§ WORK INSTRUCTION: An exact reprint of the listing is required, with no pictures included.

---------- PROVIDED DATA

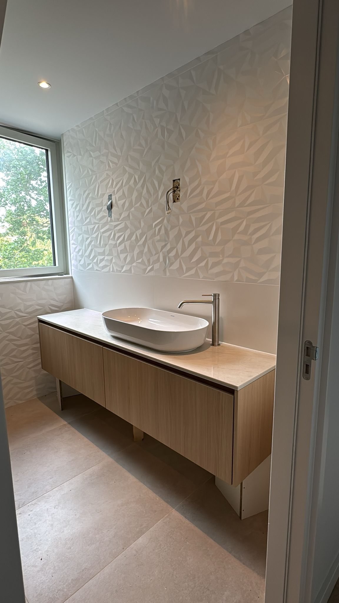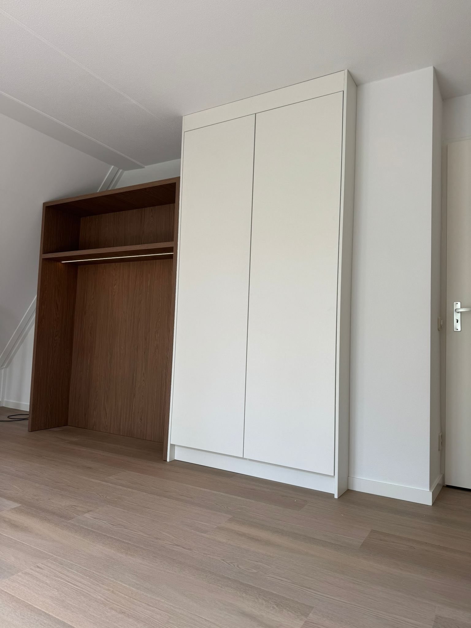 Voor dit project maakten we drie maatwerk oplossingen die perfect passen onder een schuin dak. De kasten zorgen voor extra opbergruimte zonder dat er ruimte verloren gaat. Het badmeubel is strak, praktisch en sluit mooi aan op de badkamer.
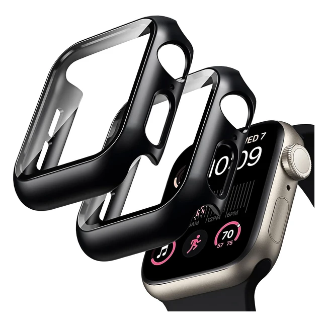 Coque pour Apple Watch Series SE654 44mm - Protection en Verre Trempé - Noir
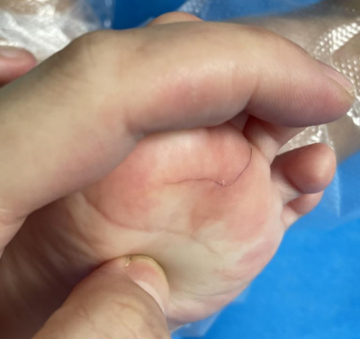 皮肤科副主任医师张超接诊后,脱下幼儿的鞋袜,仔细查看幼儿的左脚,肉眼可见孩子的左足前脚掌部位皮肤下“钻”进了一根长约4CM的黑色头发丝,发丝完全“嵌入”到皮下,能够清晰看到。头发丝的前端还一直延伸至二趾、三趾间的皮肤里,导致趾缝间隙发红,有感染迹象。轻轻触压发丝“嵌”入皮肤位置,幼儿立即大声哭闹,不适感明显。
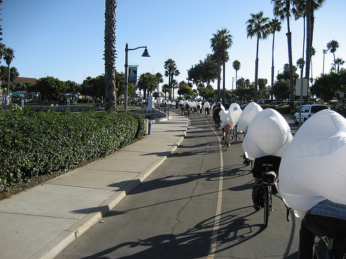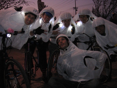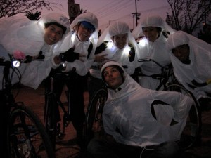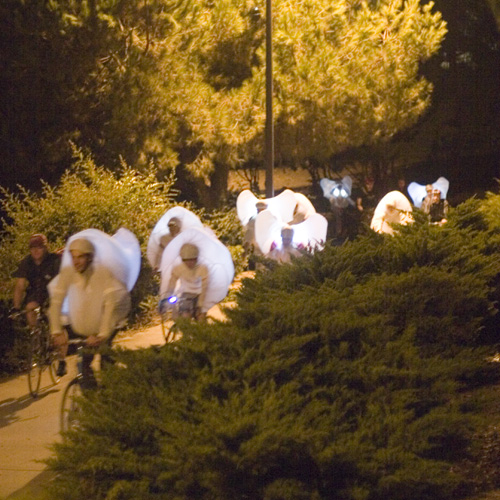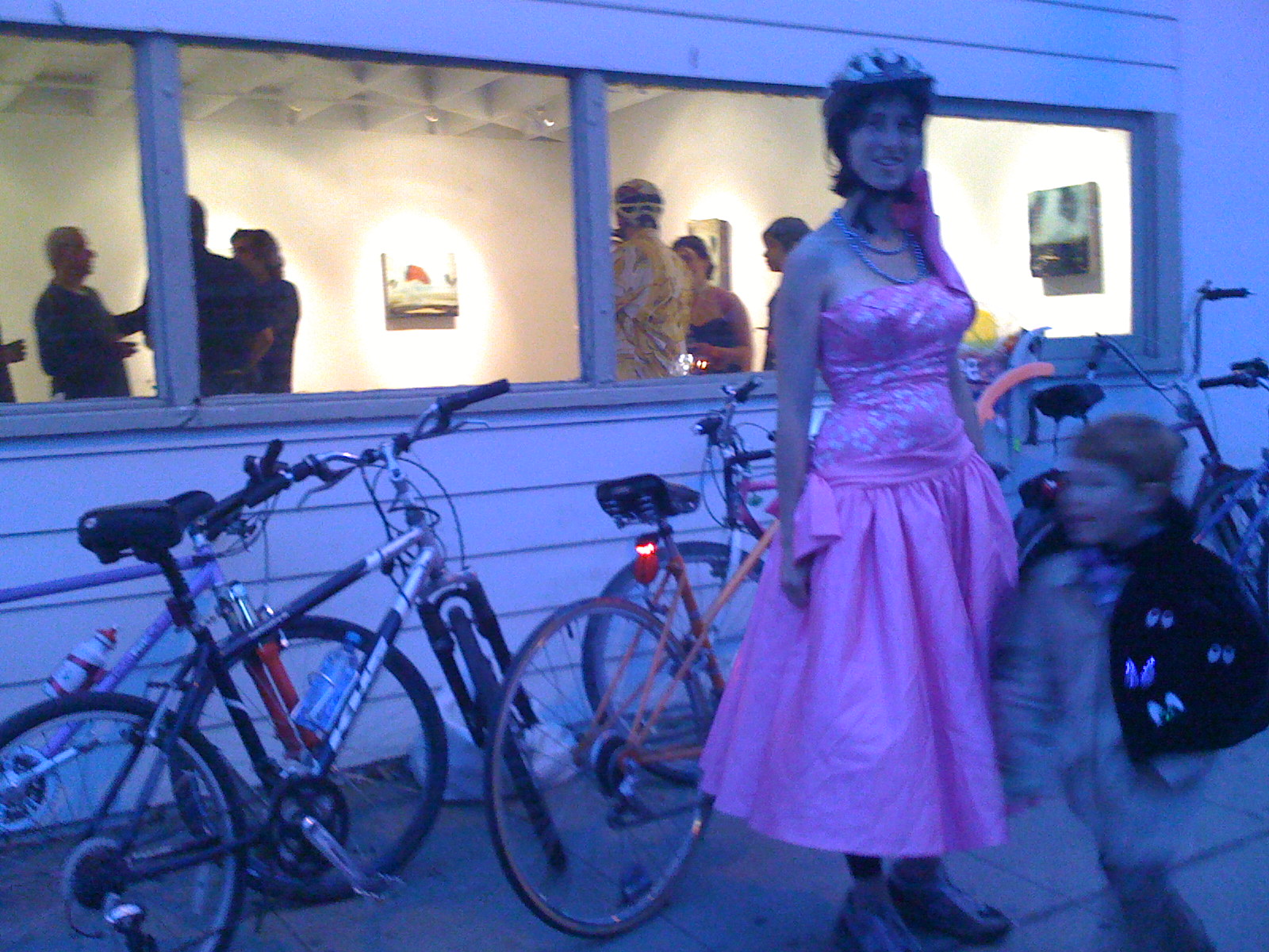 Each ride has a different artistic theme for ArtRiders to participate in with costumes and bike décor. Some of us make music as we ride; we wave and smile and interact with those we pass. We lead a monthly weekend daytime as well which follows the same theme. Here’s a list of 2009’s ArtRide themes. If you have suggestions for 2010, bring ’em on! Especially if you’re into helping out with making flyers etc!
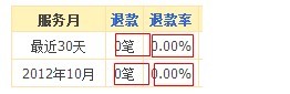 計算方法:退款率=近30天成功退款筆數/近30天支付寶交易筆數*100%;
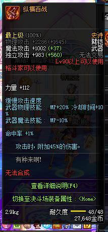 提升比荒古稳定一些,45白字无冲突,白外也非常的霸气,还多加200独立,相信会有不少玩家喜欢这把武器。
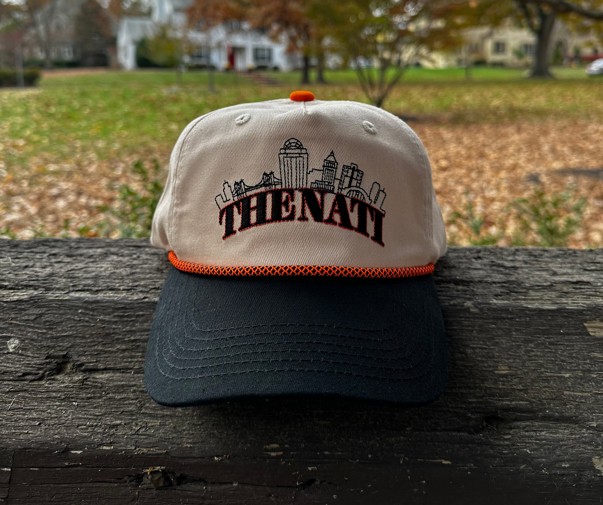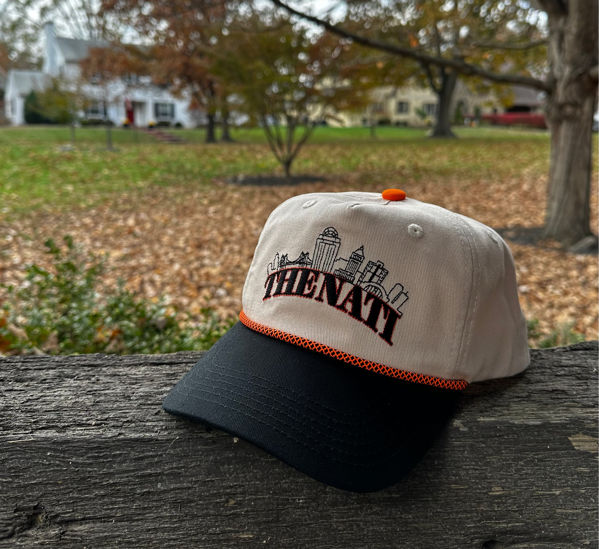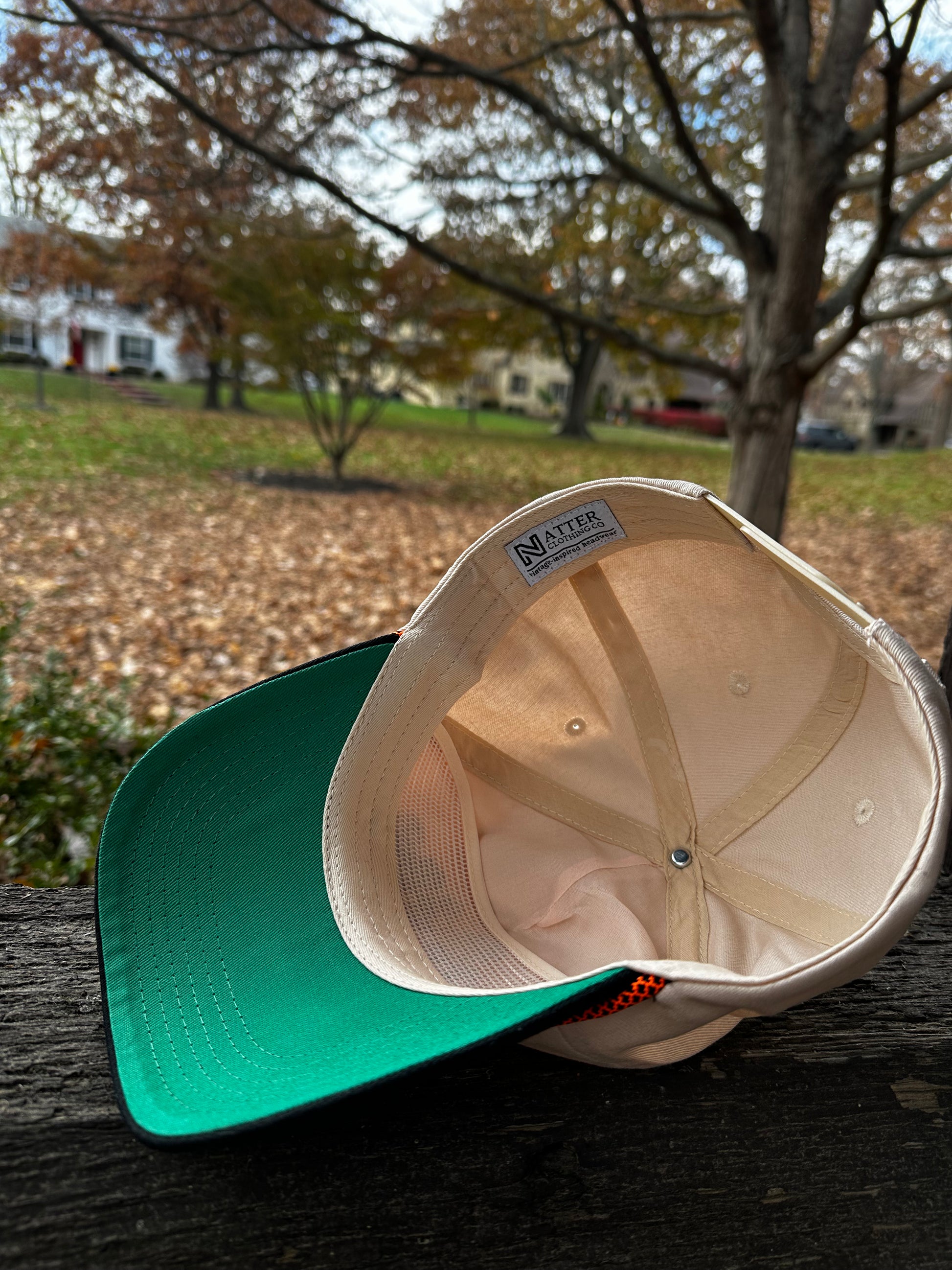 - Colors: Cream cap, black brim, orange rope.

--------------------

§ FINISHED EXERCISE:
 Voor dit project maakten we drie maatwerk oplossingen die perfect passen onder een schuin dak. De kasten zorgen voor extra opbergruimte zonder dat er ruimte verloren gaat. Het badmeubel is strak, praktisch en sluit mooi aan op de badkamer.
 Coque pour Apple Watch Series SE654 44mm - Protection en Verre Trempé - Noir
 皮肤科副主任医师张超接诊后,脱下幼儿的鞋袜,仔细查看幼儿的左脚,肉眼可见孩子的左足前脚掌部位皮肤下“钻”进了一根长约4CM的黑色头发丝,发丝完全“嵌入”到皮下,能够清晰看到。头发丝的前端还一直延伸至二趾、三趾间的皮肤里,导致趾缝间隙发红,有感染迹象。轻轻触压发丝“嵌”入皮肤位置,幼儿立即大声哭闹,不适感明显。
 Each ride has a different artistic theme for ArtRiders to participate in with costumes and bike décor. Some of us make music as we ride; we wave and smile and interact with those we pass. We lead a monthly weekend daytime as well which follows the same theme. Here’s a list of 2009’s ArtRide themes. If you have suggestions for 2010, bring ’em on! Especially if you’re into helping out with making flyers etc!
 計算方法:退款率=近30天成功退款筆數/近30天支付寶交易筆數*100%;
 提升比荒古稳定一些,45白字无冲突,白外也非常的霸气,还多加200独立,相信会有不少玩家喜欢这把武器。
 - Colors: Cream cap, black brim, orange rope.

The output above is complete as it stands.